4. Aux termes de l'article R. 431-4 du code de l'entrée et du séjour et du droit d'asile : " L'étranger qui ne se trouve pas dans une des situations visées aux articles R. 426-4,
R. 426-6 et R. 431-5 présente sa demande de titre de séjour dans les deux mois suivant son entrée en France ".
5. En l'espèce, les époux C ne peuvent se prévaloir d'aucune circonstance particulière propre à rendre nécessaire l'obtention en urgence d'un rendez-vous en préfecture pour y effectuer le dépôt de leur demande de titre de séjour, dès lors qu'ils ont attendu plusieurs années avant de déposer leurs demandes de rendez-vous, sans expliquer les motifs de ce délai, sans respecter les dispositions mentionnées au point précédent, et qu'ils ne détaillent par leurs conditions de vie et d'existence sur le territoire français depuis leur entrée sur le territoire, la poursuite de leur vie privée et familiale pouvant au surplus, sans difficultés aucunes, se poursuivre dans leur pays d'origine commun.
6. Dans ces conditions, la condition d'urgence n'étant pas satisfaite, la requête des époux C ne pourra qu'être rejetée selon la procédure de l'article L. 522-3 du code de justice administrative.
O R D O N N E :
Article 1er : La requête de Mme et M. C est rejetée.

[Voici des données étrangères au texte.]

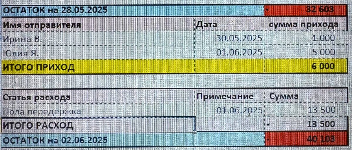 #Отчет 02.06.2025 Благодарим Вас 🙏 за помощь хвостикам 🐕🦺🐕🦺🐕🦺🐕 Собираем средства на погашение долга и оплату передержки на июнь месяц 🙏 Ханни оплачена финкуратор Клавдия оплачена Нола 13500 оплачена передержка - занятия с кинологом отменили на время Новая передержка с учётом питания/корма Рая 9500 Хлоя 9500 ‼️ еженедельно можно поехать и познакомиться с хвостиками ❗️ актуальна помощь в поиске семьи для хвостиков Карты привязаны к номерам телефонов: +7 985-977-03-22 Альбина (Сбер, Тинькофф) +7 916-069-34-82 Елена (Сбер) Подпись: «для собак» или «благотворительность»
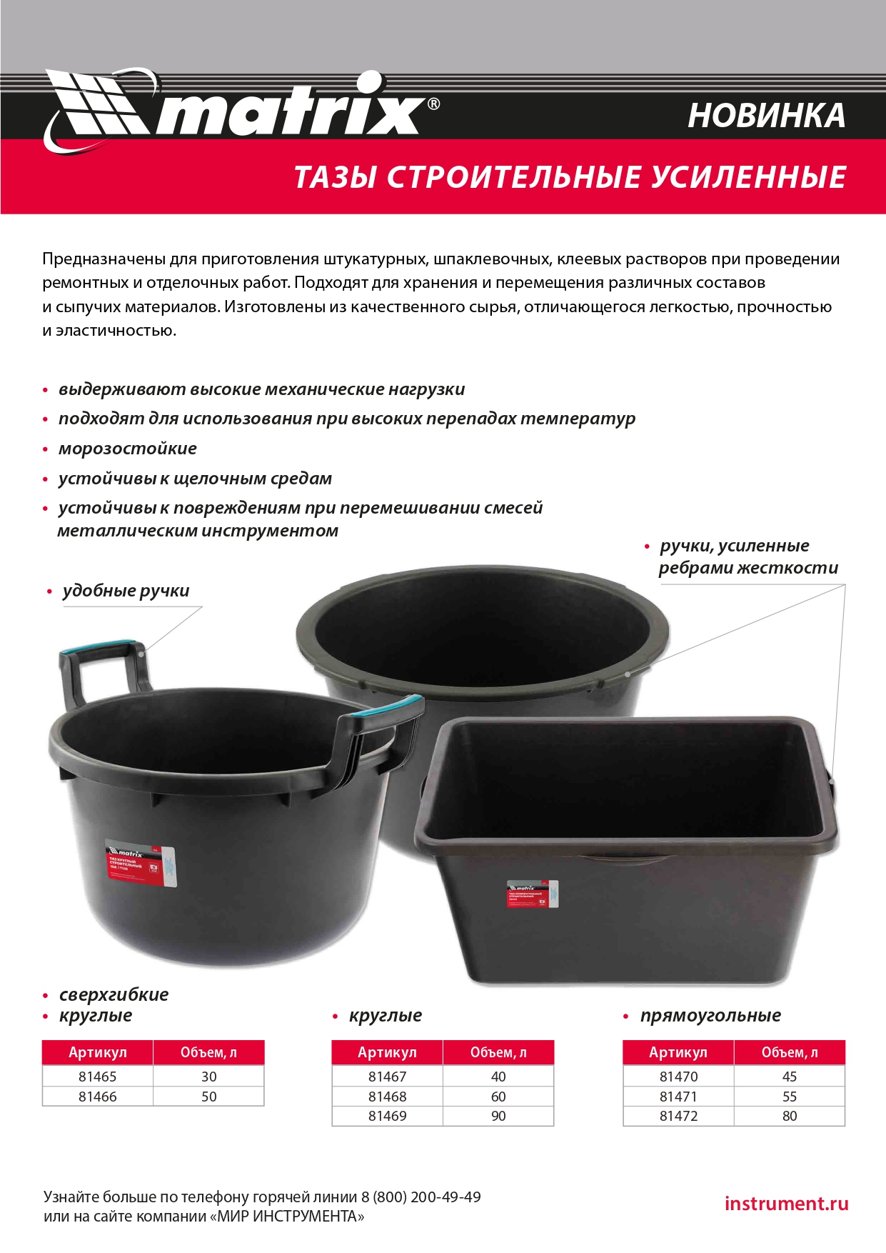 Таз круглый строительный усиленный Matrix 81469 объемом 90 л предназначен для замешивания строительных растворов любого типа при проведении ремонтно-отделочных работ. Благодаря диаметру 662 мм для приготовления смеси удобно использовать различный отделочный инструмент (шпатели, кисти). Пригодится такой таз и в быту: он удобен для хранения сыпучих материалов, сбора и утилизации мусора, проведения влажной уборки.

Article 2 : La présente ordonnance sera notifiée à Mme A C, à M. B C et à la préfète du Val-de-Marne.
Le juge des référés,
Signé : M. Aymard
La République mande et ordonne au ministre de l'intérieur et des outre-mer, en ce qui le concerne, ou à tous commissaires de justice à ce requis en ce qui concerne les voies de droit commun contre les parties privées, de pourvoir à l'exécution de la présente décision.